■ Your goal ■
Look below for the line with "各学年の代表者が堂々と発表し" and the line with "release, Break-point |"; repeat exactly those two lines and all lines between them, but no pictures.

■ Supplied data ■
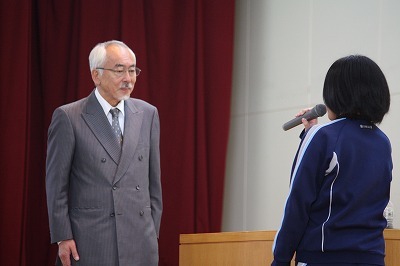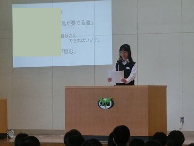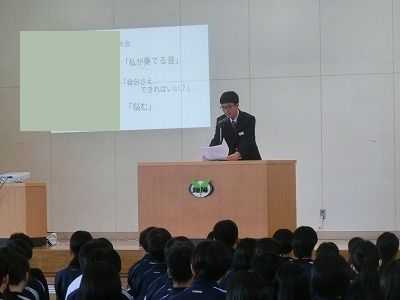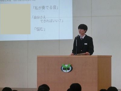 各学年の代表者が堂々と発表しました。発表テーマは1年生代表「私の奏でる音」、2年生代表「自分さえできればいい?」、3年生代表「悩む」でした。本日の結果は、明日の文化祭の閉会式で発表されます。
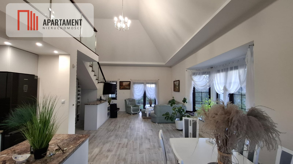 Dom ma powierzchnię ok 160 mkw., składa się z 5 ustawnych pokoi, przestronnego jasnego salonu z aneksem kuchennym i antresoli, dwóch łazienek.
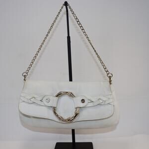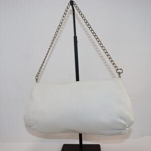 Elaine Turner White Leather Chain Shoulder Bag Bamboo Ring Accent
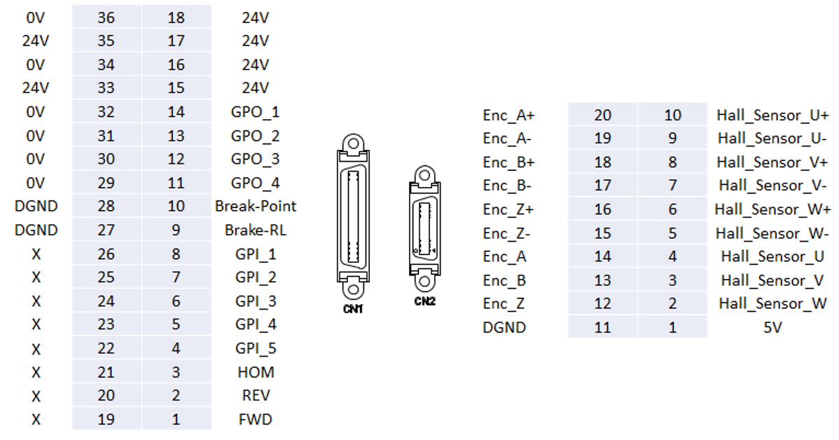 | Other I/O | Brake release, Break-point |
---
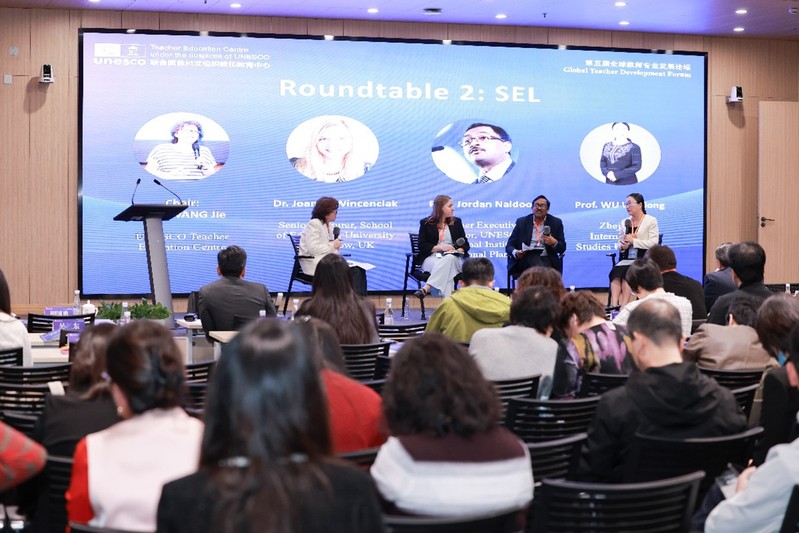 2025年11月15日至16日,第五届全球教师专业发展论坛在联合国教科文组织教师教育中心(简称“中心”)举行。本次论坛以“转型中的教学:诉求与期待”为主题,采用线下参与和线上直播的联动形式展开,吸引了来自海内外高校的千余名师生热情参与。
---
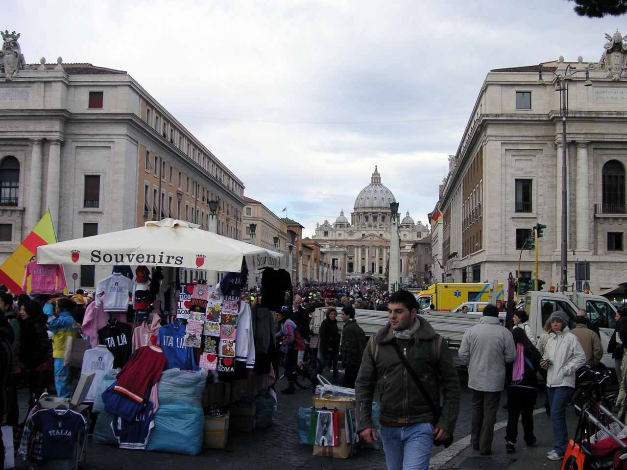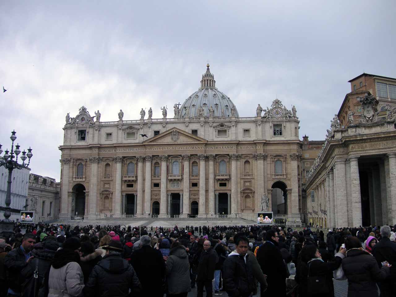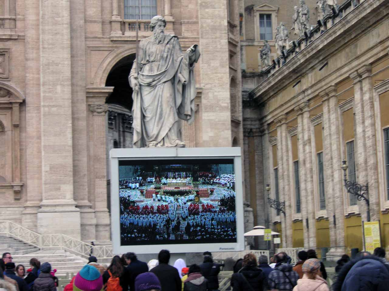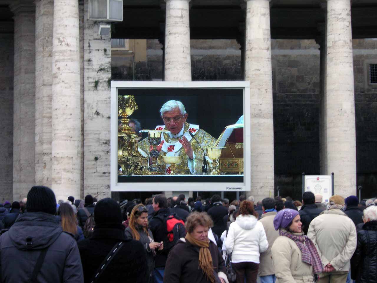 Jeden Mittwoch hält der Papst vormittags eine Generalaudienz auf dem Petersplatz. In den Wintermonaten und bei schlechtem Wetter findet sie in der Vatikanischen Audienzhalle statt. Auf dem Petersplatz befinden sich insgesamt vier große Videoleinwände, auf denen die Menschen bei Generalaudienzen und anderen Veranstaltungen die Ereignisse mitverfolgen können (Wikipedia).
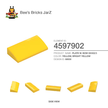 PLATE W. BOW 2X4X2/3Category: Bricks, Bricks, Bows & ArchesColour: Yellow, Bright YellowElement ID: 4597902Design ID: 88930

■ The answer ■
 各学年の代表者が堂々と発表しました。発表テーマは1年生代表「私の奏でる音」、2年生代表「自分さえできればいい?」、3年生代表「悩む」でした。本日の結果は、明日の文化祭の閉会式で発表されます。
 Dom ma powierzchnię ok 160 mkw., składa się z 5 ustawnych pokoi, przestronnego jasnego salonu z aneksem kuchennym i antresoli, dwóch łazienek.
 Elaine Turner White Leather Chain Shoulder Bag Bamboo Ring Accent
 | Other I/O | Brake release, Break-point |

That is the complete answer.